El propietario de un local de Melgar de Fernamental, Gerardo González, denunció en la mañana de ayer ante la Guardia Civil de esa localidad lo que califica de presunta estafa en el cobro de una ayuda concedida por la Diputación dentro del plan de apoyo a pymes y autoempleo en el medio rural.
El denunciante alquiló su local a una joven para poner en marcha un bar restaurante, "Los siete infantes", pero ante el impago del alquiler y de las facturas, principalmente de luz, inició un proceso para proceder al desahucio, situación que se resolvió en febrero pasado. «Nos encontramos el local totalmente destrozado, sin maquinaria ni mobiliario, y uno de los cajones de una estantería una documentación que permitía observar que la arrendataria había solicitado una subvención a la Diputación para una inversión de 29.306 euros», indica González.
En otro documento, el propietario del local pudo comprobar que la solicitante cobró una subvención de 7.884 euros y que las facturas de distintos proveedores que aportó a la Diputación para justificar la inversión «son burdas falsificaciones y ningún proveedor conocía a la empresaria y que los pagarés que había emitido la misma entidad de ahorro no los habían cobrado», señaló el denunciante ante la Guardia Civil.
Ante la gravedad de los hechos González, que valora lo daños que ha sufrido en unos 12.000 euros, decidió poner en conocimiento de la Diputación la supuesta estafa y advertir al departamento correspondiente «de lo que presumía era una falta total de verificación real de la documentación aportada por la empresa para acceder a la ayuda», afirma González, quien recuerda que en un principio negaron que se hubiera concedido la ayuda e insiste en que lo único que persigue con esta denuncia es evitar que vuelvan a repetir casos similares y que el dinero público pueda llegar a personas que no cumplen los requisitos de las convocatorias de ayudas.
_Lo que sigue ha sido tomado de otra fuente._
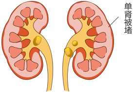 结石卡在狭窄处,把出口堵住了,尿液就无法排出体外,造成尿液全部堆积在肾脏内。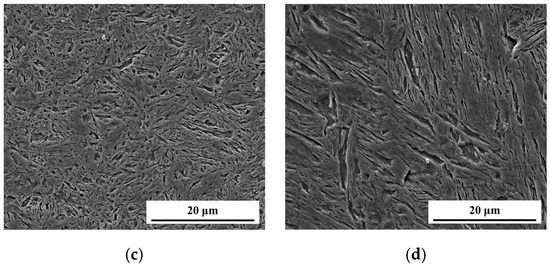 Figure 5 shows the microstructure of the base material, HAZ, and FZ. In general, the microstructure of TRIP steel consists of ferrite, bainite, retained austenite, and a small portion of martensite [23]. As shown in Figure 5a, the base material of 980 MPa grade TRIP steel used in this study is composed of ferrite and elongated bainite. Due to the combination of these microstructures, the hardness of the BM was approximately 320 HV. HAZ is divided into two areas, which are SCHAZ near BM and UCHAZ near FZ. The microstructure of SCHAZ was tempered by the bainite present in the BM (Figure 5b) because the peak temperature reached a temperature below Ac3. Since UCHAZ reaches the peak temperature above Ac3, ferrite and bainite of the base material are transformed into austenite. Then, due to the high cooling rate, the microstructure is composed of martensite, ferrite, and bainite (Figure 5c) [24]. FZ is completely melted and transformed into austenite. Thereafter, the microstructure was composed of two phases of martensite and bainite (Figure 5d) due to the high cooling rate during cooling, and the hardness of FZ was about 540 HV.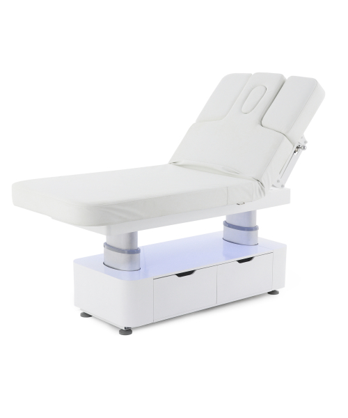 Стол изготовлен с учётом всех потребностей современной индустрии красоты. Мягкое и комфортное ложе имеет несколько секций и 4 мотора для плавной регулировки высоты и угла наклона подвижных частей. Рама изделия выполнена из стали высокой прочности и выдерживает нагрузку до 150 кг, что гарантирует долгий срок службы оборудования.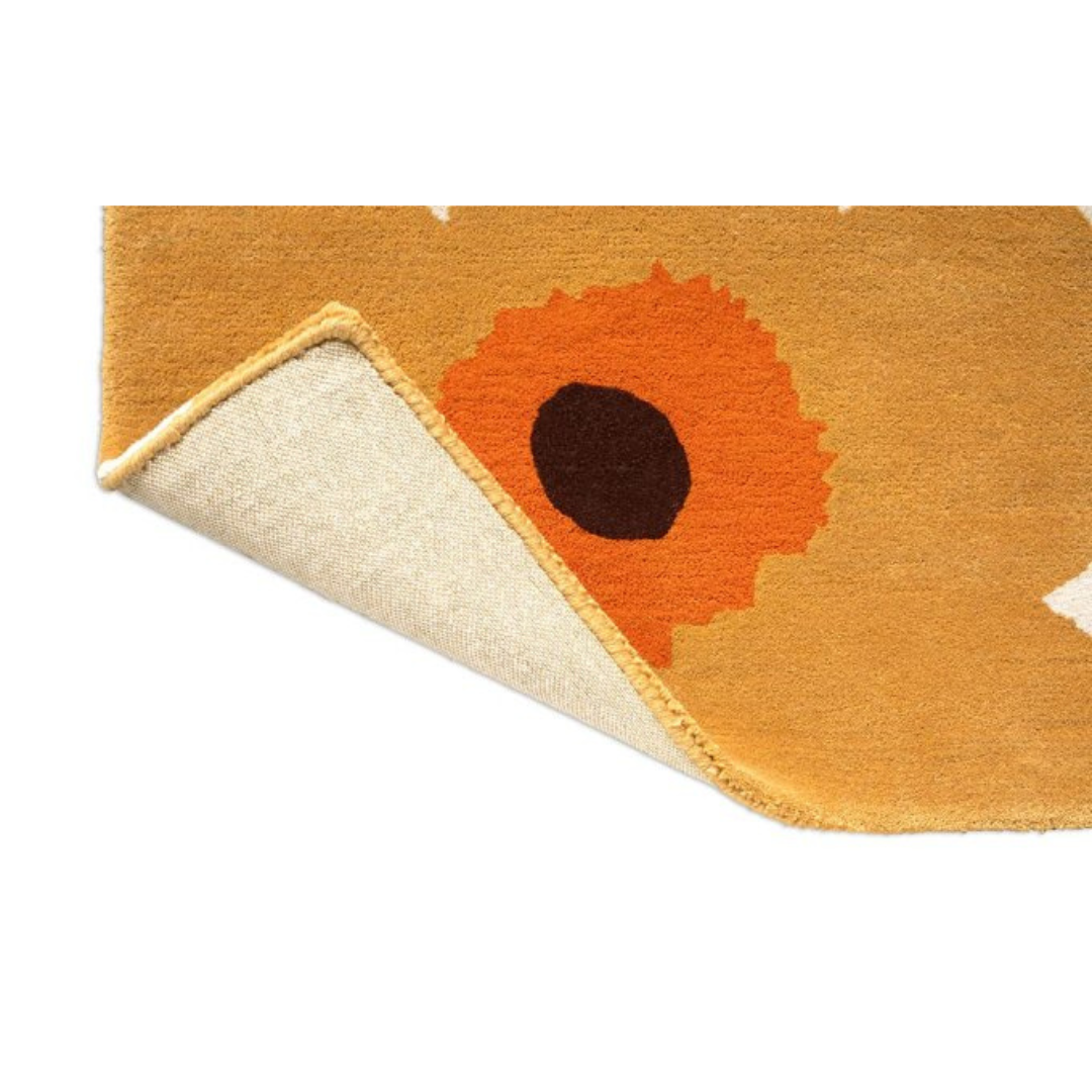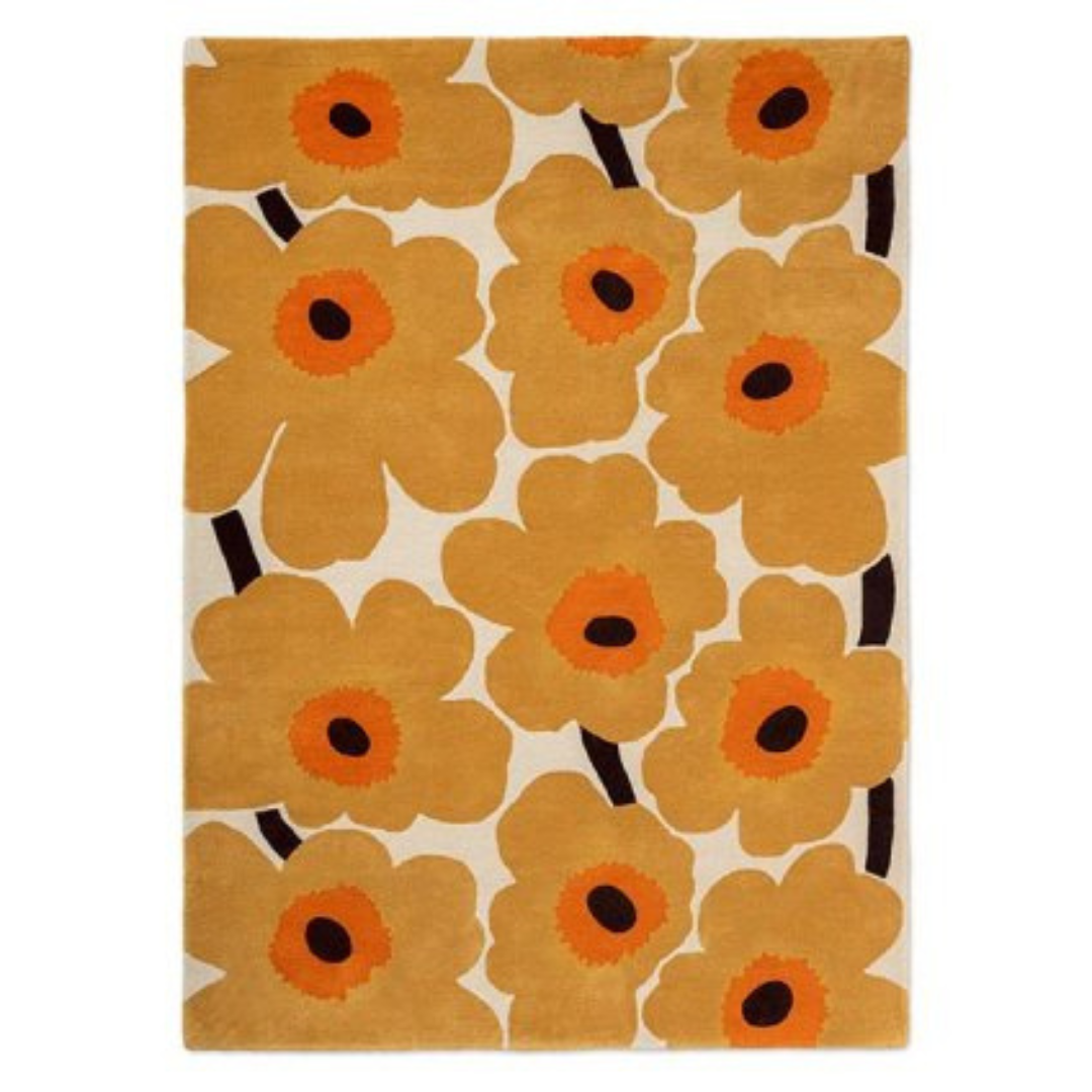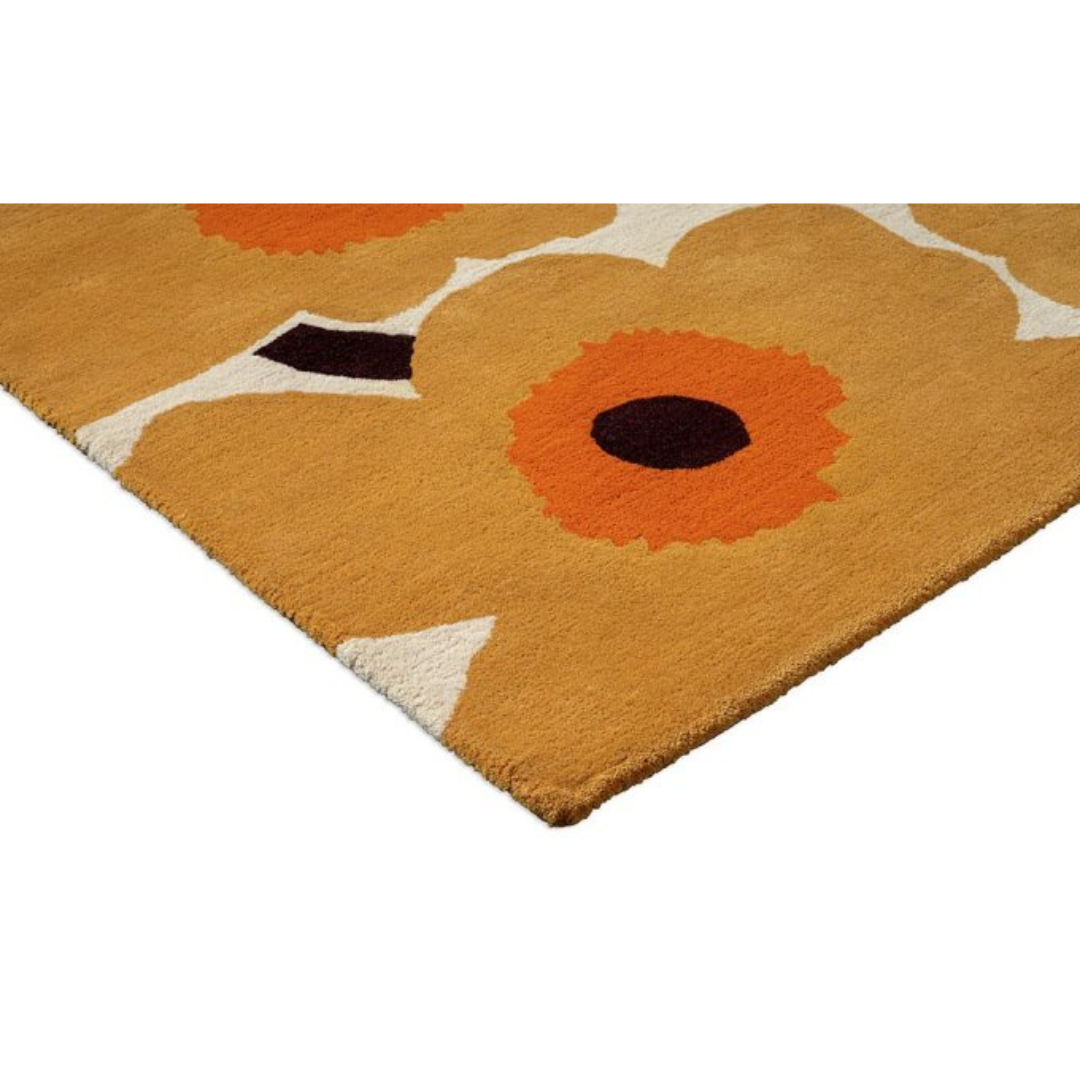 Dit Marimekko-tapijt is gemaakt in samenwerking met de kwalitatieve hoge nederlandse tapijtmaker Brink & Campman dit Marimekko-tapijt is met de hand getuft van Nieuw-Zeelandse wol met een opvallend, feloranje kleurenpalet. Of het nu in uw slaapkamer of woonkamer wordt gelegd, het Unikko-tapijt belooft uw huis te voorzien van warmte, het is als een klaproos veld midden in uw huis!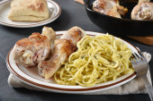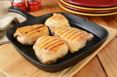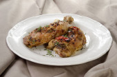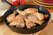 Wyśmienity smażone uda z kurczaka na patelni żeliwnych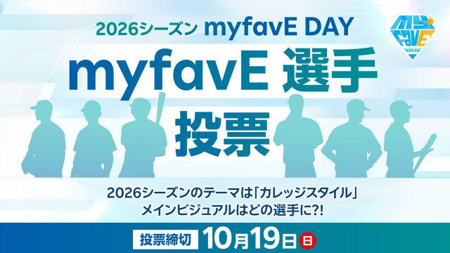 【10/19(日)まで】2026シーズンmyfavE DAYでメインビジュアルを務めてほしい選手に投票しよう! - 東北楽天ゴールデンイーグルス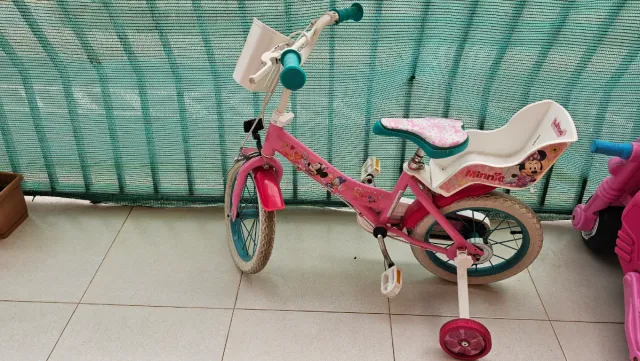 Detalles del productoBicicleta infantil de color rosa con diseño de Minnie Mouse. Incluye ruedines.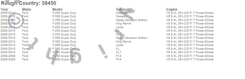 Below is an abbreviated list of applications for the Suspension Lift Kit.F-250 Super Duty, F-350 Super Duty, Ford, 2010, 2009, 2008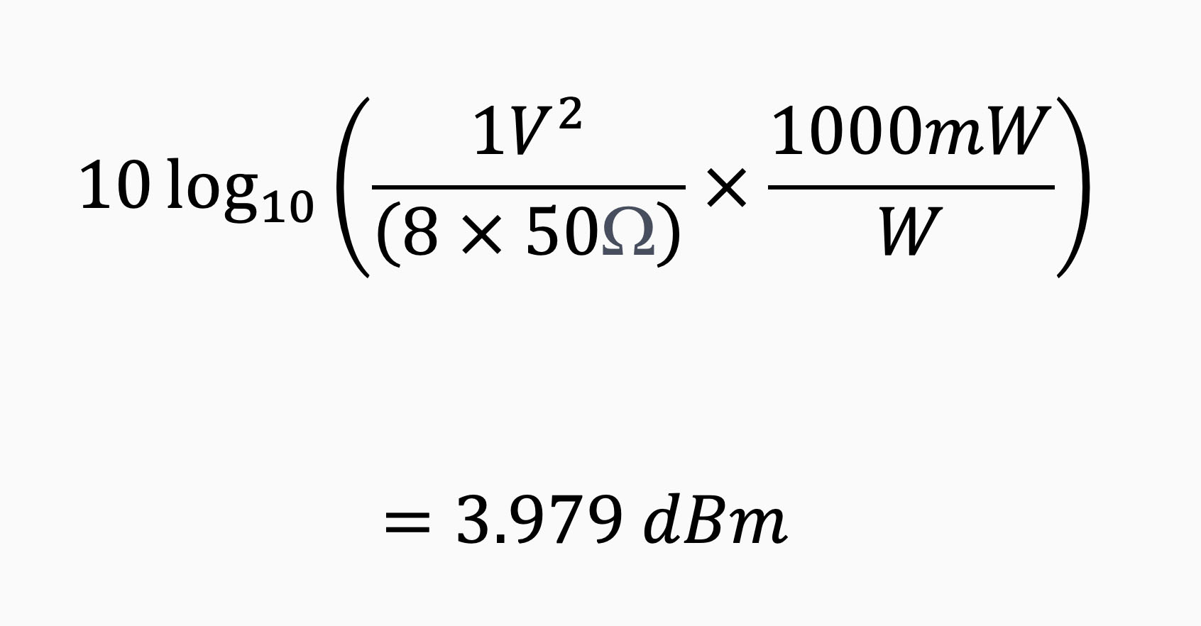 We determined that this 1 Vpp, driven across the 50 Ω input of Moku leads to a power measurement: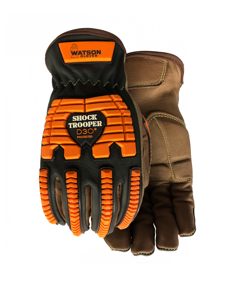 ANSI A7 Cut Shield™ is a cut resistant liner made from a blend of P-aramid, steel and modacrylic fibres. DryhideTM water and oil resistant full-grain goatskin leather palm and back of hand is hard wearing and durable providing great dexterity. Knuckle and finger components feature D3O® iA, a pioneering ingredient designed to enhance back-of-hand impact protection. Moreover, Impact Additive gives 34% more protection and is 20% softer than standard TPR, at the same thickness. Vibration absorbing EVA foam padded palm patch and wrist patch. Stitched with Kevlar® thread provides strength and durability. Snug-fitting shirred elastic wrist with slip-on style cuff for easy on/off

En su denuncia, González considera que los responsables de esta situación son «los técnicos y funcionarios que han hecho dejadez de sus funciones obligatorias de verificación y análisis» de las facturas aportadas. Curiosamente, la alcaldesa de Melgar y diputada provincial, Montserrat Aparicio, es la que preside la comisión que reparte estas ayudas, en la que están las entidades de ahorro de la provincia y organizaciones empresariales. Al tener conocimiento de esta denuncia, Aparicio indicó que desde el departamento correspondiente «ya se ha iniciado el expediente para solicitar a la empresaria el reintegro de la subvención, que es lo que procede».